Narayanasamy and Das are working to expand on the strengths of SquiggleFilter by developing a technique for universal pathogen detection. The key to this will be equipping MinION with the computing power and streamlined algorithms to distinguish and filter out human DNA, enabling it to identify and zoom in on non-human DNA. The goal is to be able to detect the presence of a pathogen and tell you which one it is, all in a matter of minutes.
Narayanasamy and his team believe this technique will be crucial in the detection and treatment of dangerous superbugs, such as Candida auris, which can cause rampant and severe illness in hospitals and other clinical settings. “If you are early in detecting the presence of a superbug in a hospital environment, you can take precautions to limit its spread,” he said.
The ability to rapidly detect and identify unknown pathogens could also help combat antibiotic resistance. By quickly identifying the cause of infections, providers will be able to better tailor treatments, thus reducing antibiotic overuse.
Opportunities for cancer diagnosis
Another area where rapid sample analysis and detection could have life-saving implications is in cancer diagnosis. By combining innovative technologies such as DNA amplification and rapid genome sequencing, Narayanasamy and his team have shown that it is possible to sequence the genome of target cancer cells in fewer than 30 minutes, allowing surgeons to make real-time treatment decisions shortly after or even during biopsy operations instead of waiting weeks for a diagnosis to begin treatment.
“Combining rapid DNA amplification with real-time data analysis significantly streamlines the process and enables quick and reliable cancer detection,” said Narayanasamy.
Current methods for intraoperative testing and diagnosis have serious limitations; they do not provide genomic data, often require multiple biopsy samples, and show low accuracy in detecting diffuse or infiltrative cancers.
Genomic sequencing, on the other hand, is both more accurate and provides a fuller picture of the molecular underpinnings of a given tumor. Such tests can determine which genetic mutations gave rise to the tumor, as well as helping predict the risk of recurrence. The current timeline for such diagnostic tests, however, is several days and even weeks, causing precious delays in treatment.

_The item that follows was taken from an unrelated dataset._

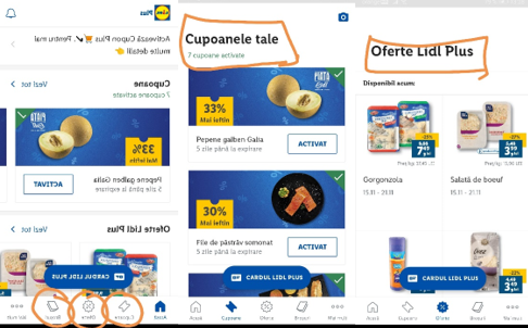 - vizualizez în aplicație secțiunile cu produsele la reducere-„cupoane”, „oferte”, sau răsfoiesc revista în format fizic și îmi fac lista de cumpărături pe o foaie sau în aplicația mobile a hipermaketului (nu toate aplicațiile oferă posibilitatea de a crea o lista de cumpărături)

As part of their NSF-funded project, the researchers are working to enable more rapid diagnosis during surgery by leveraging MinION’s long-read sequencing abilities. Rather than using PCR for DNA amplification, their proposed approach employs a technique called loop-mediated isothermal amplification (LAMP), which is significantly faster but more error-prone than traditional methods. By coupling LAMP with real-time computational error correction, Narayanasamy and his team have shown that this is a much speedier and more feasible means of detecting cancer mutations.
“Combining rapid DNA amplification with real-time data analysis significantly streamlines the process and enables quick and reliable cancer detection,” Narayanasamy confirmed. “This could mean quicker decision-making during surgery and thus more timely treatment.”
Moving forward
While Naryanasamy and Das have come a long way in the development of next-generation genome sequencing technology, there is still work to be done. Now, with the aid of a $900,000 grant from the National Science Foundation (NSF), the team’s journey continues as they work toward optimizing these systems for practical use in medical settings. Their focus remains on refining the computational algorithms and hardware they have pioneered, propelling these advances from the research lab to the real world.
Narayanasamy and Das’s innovative approach to hardware-software co-design stands to revolutionize the speed, accuracy, and scope of genome sequencing. With applications in rapid, universal pathogen testing and intraoperative cancer diagnostics, their research is ushering in a new era in precision medicine.